Right, second try - thread title went wrong before.

We moved to a new area almost two years ago. My DS had already got a place in reception in our old area (moved in the August) and I put his name down at 2 local schools as soon as we moved. He is now at the end of year 1 and his name has been on the waiting list for 4 local schools since the local council took over primary admissions last September. I don't drive so we walk to the local train station, have a 15 minute train journey and then walk for about another 20 minutes to his school. It's quite a lot of walking for him but he just gets on with it. I spend between 3 and 4 hours a day taking him to and from school. It's time consuming and expensive (train fares) but probably the worst aspect is that it is very difficult for him to have friends over after school and I worry (a bit) that he is missing out etc.

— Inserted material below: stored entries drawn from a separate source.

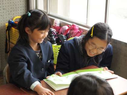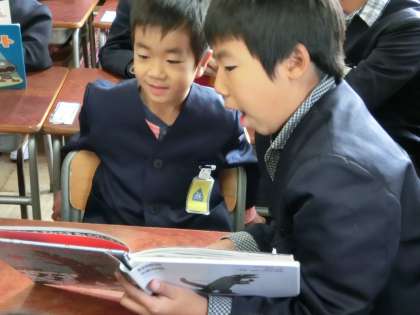 1年生のペアの子に本を読みました。ペアの子の近くに寄り添って読んでいる姿を見て、お兄さんお姉さんとして頑張っていると感じました。
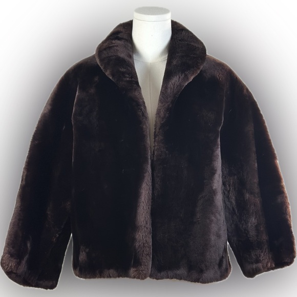 Beautiful, plush dark brown sheared fur coat. Modern cropped silhouette. Perfect for a chic and cozy look. No found imperfections.
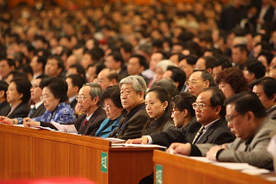 | 3月3日,中国人民政治协商会议第十一届全国委员会第一次会议在北京人民大会堂开幕。这是委员们在认真听会。新华社记者

Anyway, the issue is that people keep asking me why I'm not doing more to get him a local place. Mums at school, when they see us trudging up the hill to school, friends and family are constantly advising me to keep on at the admissions office, to 'make a nuisance' of myself so they'll want to get rid of me by giving him a place. (Also been advised to get the GP to put me on antidepressants and then tell the admissions office that it's because I can't cope with the stress of the journey hmm ). Somebody else suggested speaking to our local MP - apparently it worked for him. I call the admissions office once every half-term, to let them know we are still interested and find out where we are on the list. They have a policy, it goes on proximity mainly, but am I being naive? Should I be being far more pushy? I'd really appreciate any advice. WWYD?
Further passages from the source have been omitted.